Re: A Class of Non-Halting TMs

From: Russell Easterly (logiclab_at_comcast.net)
Date: 01/14/04 

Date: Tue, 13 Jan 2004 19:15:59 -0800

"Jim Nastos" <nastos@cs.ualberta.ca> wrote in message
news:Pine.LNX.4.44.0401131159540.8162-100000@eva117.cs.ualberta.ca...
> On Tue, 13 Jan 2004, Russell Easterly wrote:
>
> > Make a history of the steps this SM performs
> > that contains the following information:
> > Step, current state, input, and tape position.
>
> Essentially, you are using at technique commonly invoked
> in a lot of proofs in complexity theory in which one counts
> the total number of "internal configurations" of a space-bounded
> machine.

Thanks.
I assumed my method was similar to known methods.
Can you give references?

> For a machine with N states and uses at most M tape cells using an
> alphabet of 'a' symbols, the number of possible tape configurations
> is a^M, number of tape positions for the tape head is M, number of
> possible states the machine can be in is N, so the total number of
> configurations is N*M*(a^M). If a turing machine ever exceeds this
> number of steps, then it MUST have repeated an internal configuration
> and so it will loop forever... and you could always keep a running
> total to the max number of tape cells used.
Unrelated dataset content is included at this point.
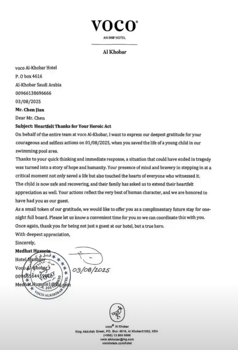 8月1日清晨7点多,沙特阿尔霍巴尔市一家高档酒店,两名阿拉伯女子到健身房大喊大叫。来自中国的老板陈健(来自宜兴,到沙特考察市场7天)意识到情况不对,跟她们比划手势,她们将他拉向隔壁泳池,并指向水面。 陈健心想:“坏了,有人溺水了!” 泳池水很深,肉眼完全无法看清水下情况。”陈健纵身跃入,发现水底有一名男孩已失去意识。 但多次尝试都无法托起男孩,直到第六次下潜,终于救出男孩。此时,男孩已停止呼吸。陈健对其实施心肺复苏……十分钟后,这名13岁男孩恢复微弱呼吸[努力] 男孩父亲赶到酒店代表家族感谢他,酒店致感谢信,并赠予陈先生免单待遇。中国人的义举在沙特传为佳话。 在接受采访时,陈先生表示:“这不过是本能反应,其实每一个中国人都会做出同样的选择。”

Less than an hour after I posted I found a mistake in my method.
It is amazing how things that seem obvious become less obvious
when you describe them to other people.

I think the argument you give above may be false.
Consider a TM that prints the first ten million
digits of PI and then halts.

3.1415926535897932384626433832795...

Now, assume this TM doesn't print one long list of digits.
Instead, it writes three digits forward then three digits backward:

314
951
265
853
...

a=[0,1,...,9]
M=3
Assume N=100.
N*M*(a^M) = 100*3*(10^3) = 300,000

We can assume that every 3 digit number between 000 and 999
is written. (This may not be a good assumption. PI may not be
the best sequence of digits to choose. I could replace PI with
another sequence like 01011011101111011111...)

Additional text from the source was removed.